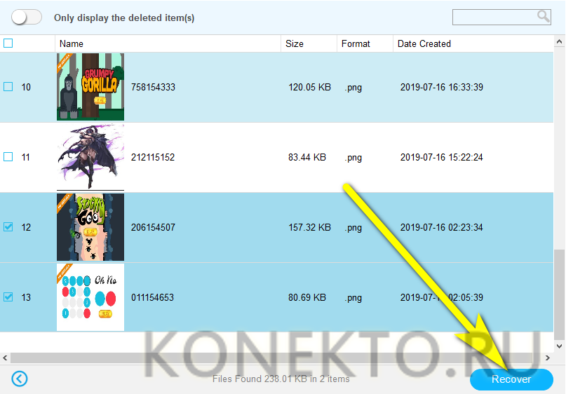 Почти всё. Осталось отметить галочками данные, которые требуется восстановить, воспользоваться кнопкой Recover.
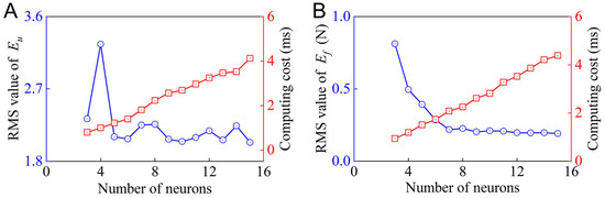 Generally, a higher dimension of the hidden layer can improve the modeling accuracy but also increase the real-time computing cost. Therefore, a balance between the computing cost and modeling accuracy is required. According to the designed input layer of the neural network model, the modeling accuracy and real-time computing speed are evaluated under different numbers of hidden neurons. The modeling accuracy of and are characterized by the Root-Mean-Square (RMS) value of and , respectively.
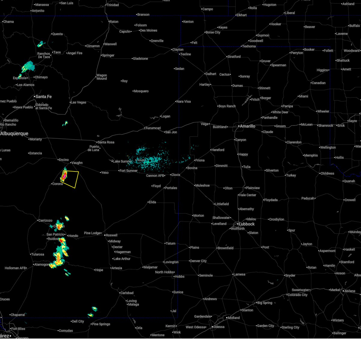 At 209 pm mdt, a severe thunderstorm was located 14 miles northeast of corona, moving northeast at 30 mph (radar indicated). Hazards include 60 mph wind gusts and quarter size hail. Hail damage to vehicles is expected. expect wind damage to roofs, siding and trees. locations impacted include, vaughn, encino and duran. This includes highway 285 between mile markers 202 and 204.
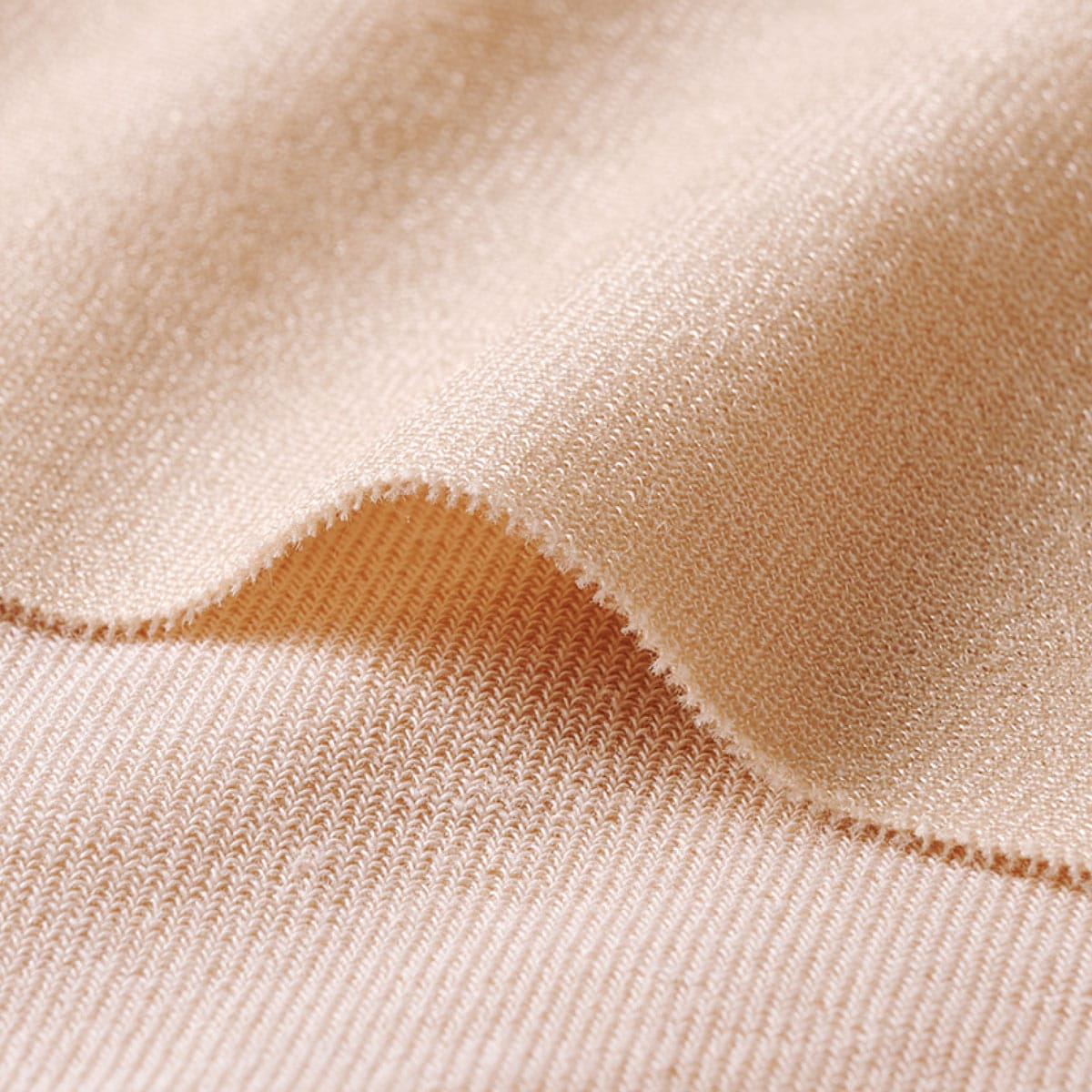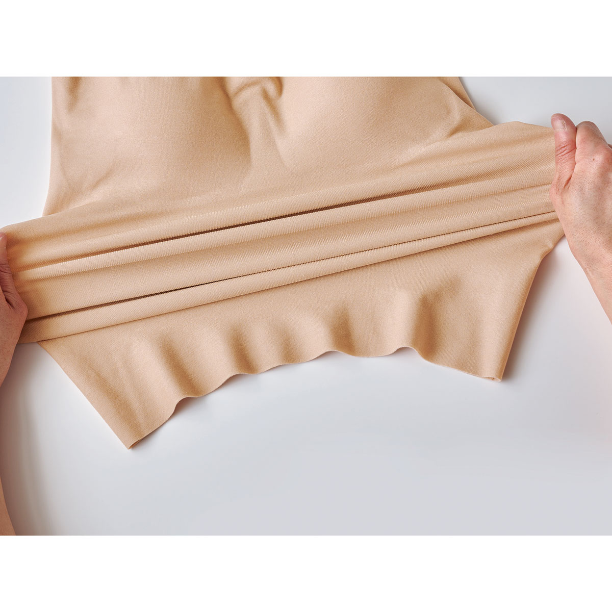お肌にやさしいカットオフ素材 生地端に縫い目がないカットオフ(切りっぱなし)仕様で、肌あたりがよく下着のラインがひびきにくい。

..........

■ **TASK REQUIREMENTS**:
Could you transcribe all of the data exactly, keeping every picture out of the copy?

■ **RESULT FOR THIS EXERCISE**:
 Почти всё. Осталось отметить галочками данные, которые требуется восстановить, воспользоваться кнопкой Recover.
 Generally, a higher dimension of the hidden layer can improve the modeling accuracy but also increase the real-time computing cost. Therefore, a balance between the computing cost and modeling accuracy is required. According to the designed input layer of the neural network model, the modeling accuracy and real-time computing speed are evaluated under different numbers of hidden neurons. The modeling accuracy of and are characterized by the Root-Mean-Square (RMS) value of and , respectively.
 At 209 pm mdt, a severe thunderstorm was located 14 miles northeast of corona, moving northeast at 30 mph (radar indicated). Hazards include 60 mph wind gusts and quarter size hail. Hail damage to vehicles is expected. expect wind damage to roofs, siding and trees. locations impacted include, vaughn, encino and duran. This includes highway 285 between mile markers 202 and 204.
お肌にやさしいカットオフ素材 生地端に縫い目がないカットオフ(切りっぱなし)仕様で、肌あたりがよく下着のラインがひびきにくい。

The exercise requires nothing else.